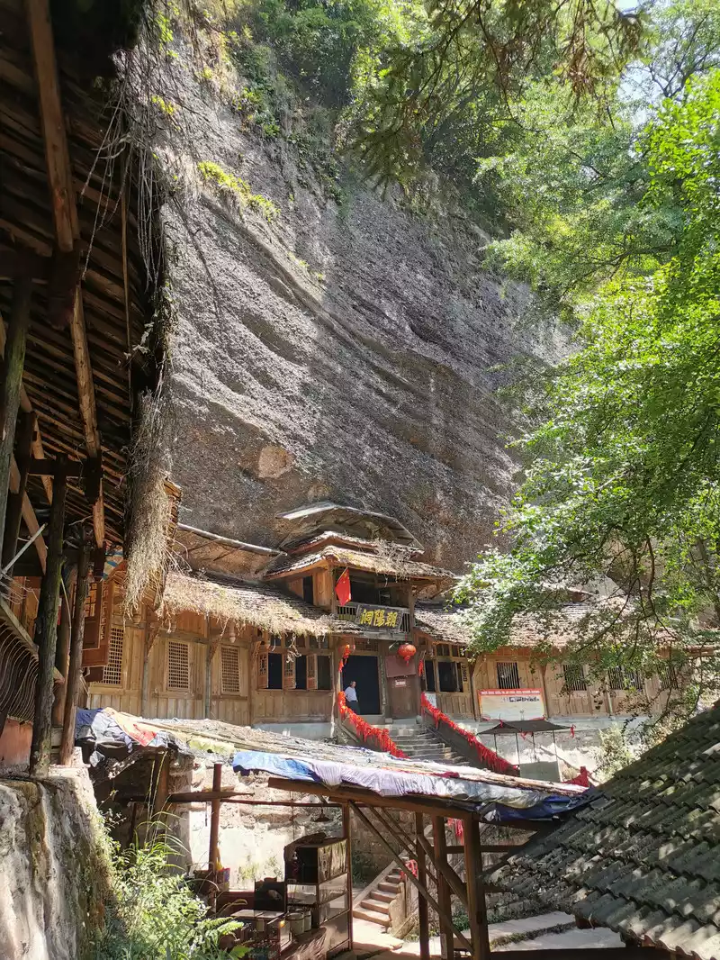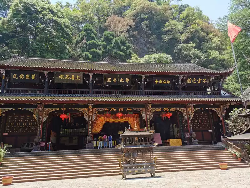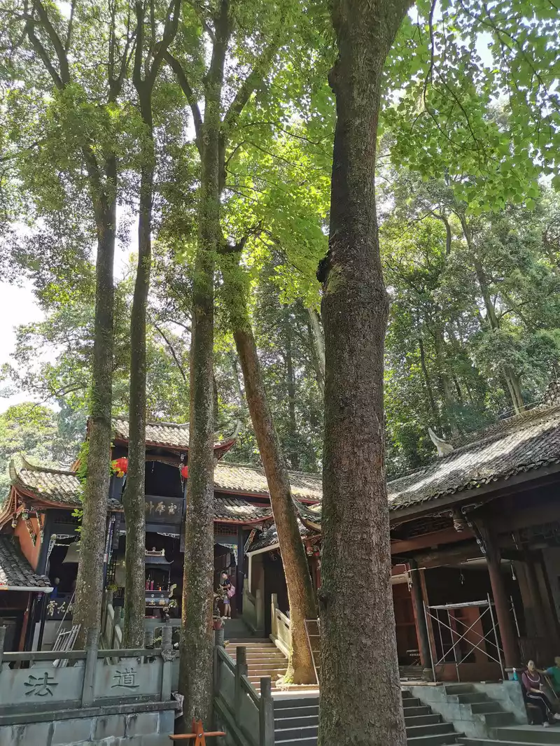 The famous Tianshi Cave has arrived. Tianshi Cave is the core of the Qingcheng Mountain Taoist temple, which was built during the Sui Dynasty, surrounded by mountains on three sides, facing caves on one side, and ancient trees towering into the sky, very quiet. There are statues of the "Heavenly Master" Zhang Daoling and his thirty-generation grandson "Xujing Heavenly Master" in the cave. According to legend, at the end of the Eastern Han Dynasty, Zhang Daoling preached here. The main hall is the "Sanqing Hall", and behind the hall are monuments such as the Yellow Emperor Temple and the Tianshi Cave. There is an ancient ginkgo tree in front of the cave entrance, which is said to have been planted by Zhang Tianshi himself, and is more than 2,000 years old.
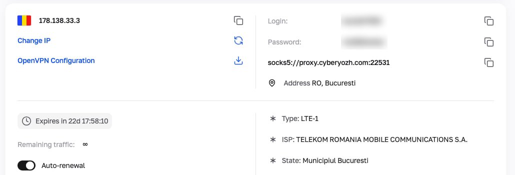 Step 1: Purchasing a proxy on the CyberYozh App website
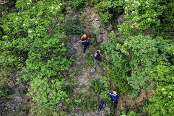 Kayalıklara tırmanan ekipler, yaklaşık 4 saatlik çalışma sonucu halat yardımıyla S.Ç'yi kurtardı.
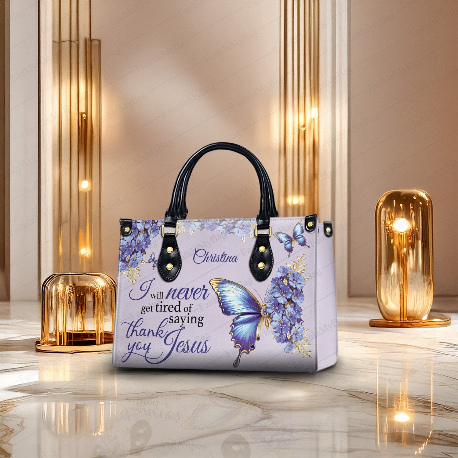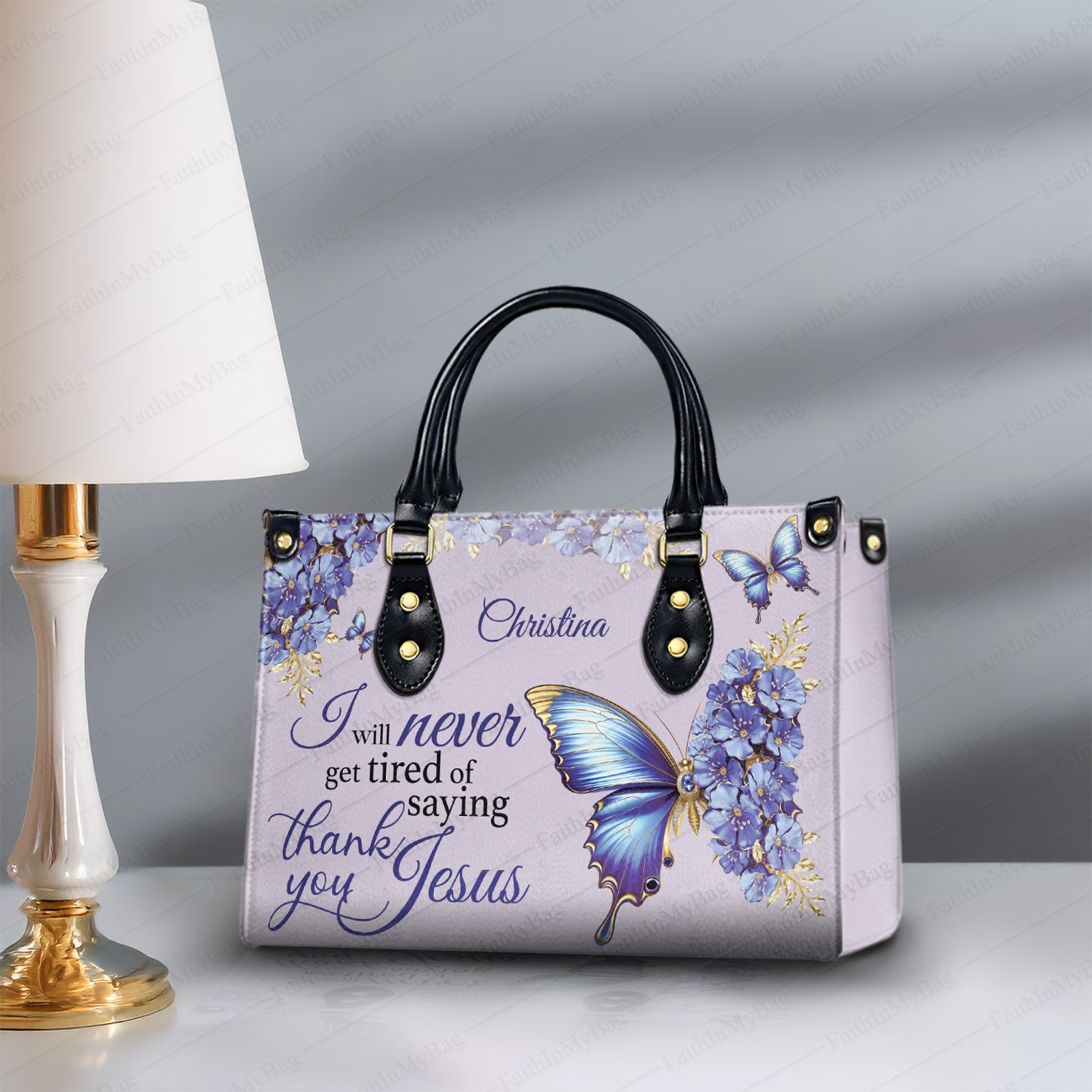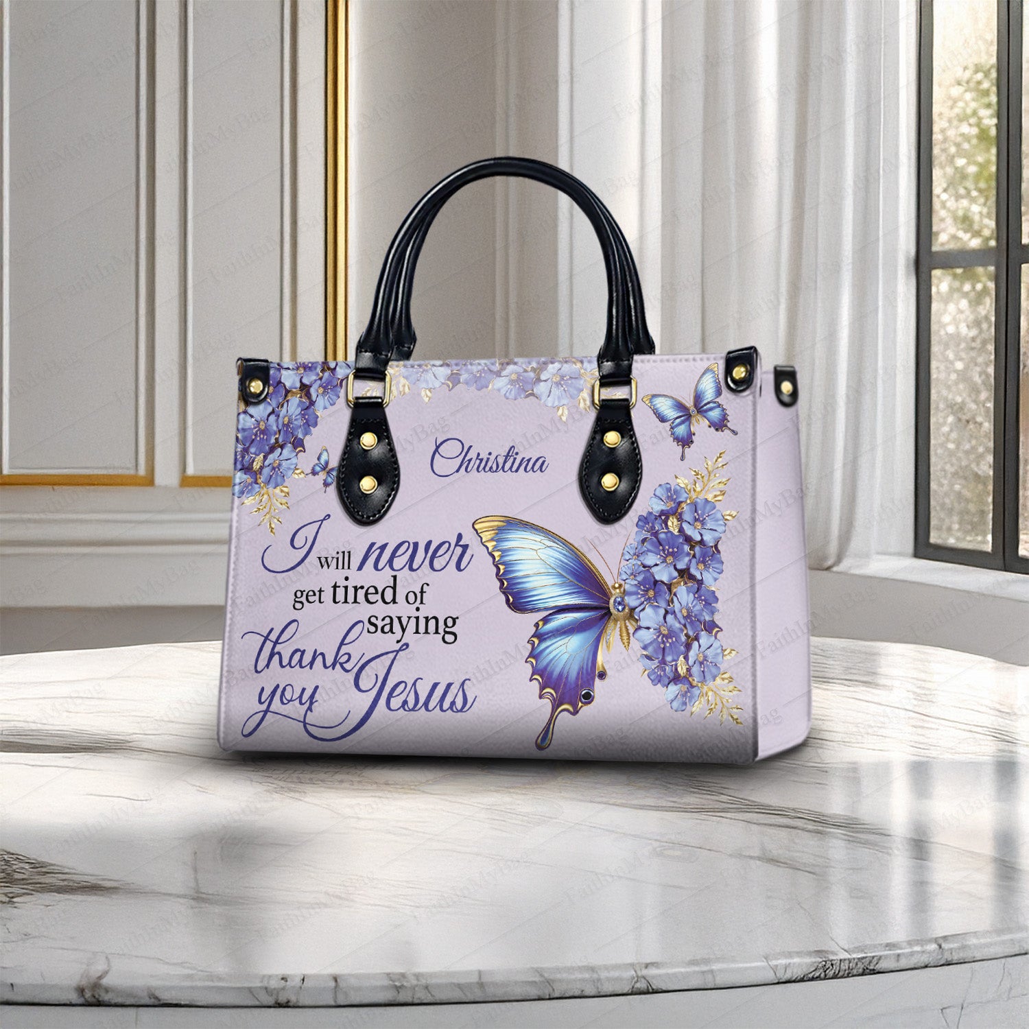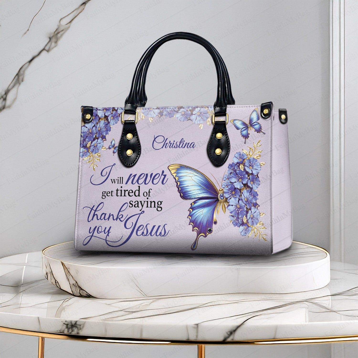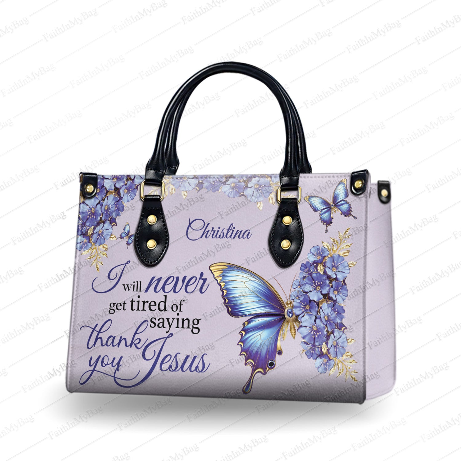 HB48-Christianartbag Handbags, Personalized Bags I will never get tired of saying thank you Jesus Leather, Gifts for Women

• [REQUIREMENT]
A word-for-word repeat of the lines from the line with "Step 1: Purchasing" to the last line of the data, both ends included and pictures left out, is all that should appear.

• [SOLVED PROBLEM]
 Step 1: Purchasing a proxy on the CyberYozh App website
 Kayalıklara tırmanan ekipler, yaklaşık 4 saatlik çalışma sonucu halat yardımıyla S.Ç'yi kurtardı.
 HB48-Christianartbag Handbags, Personalized Bags I will never get tired of saying thank you Jesus Leather, Gifts for Women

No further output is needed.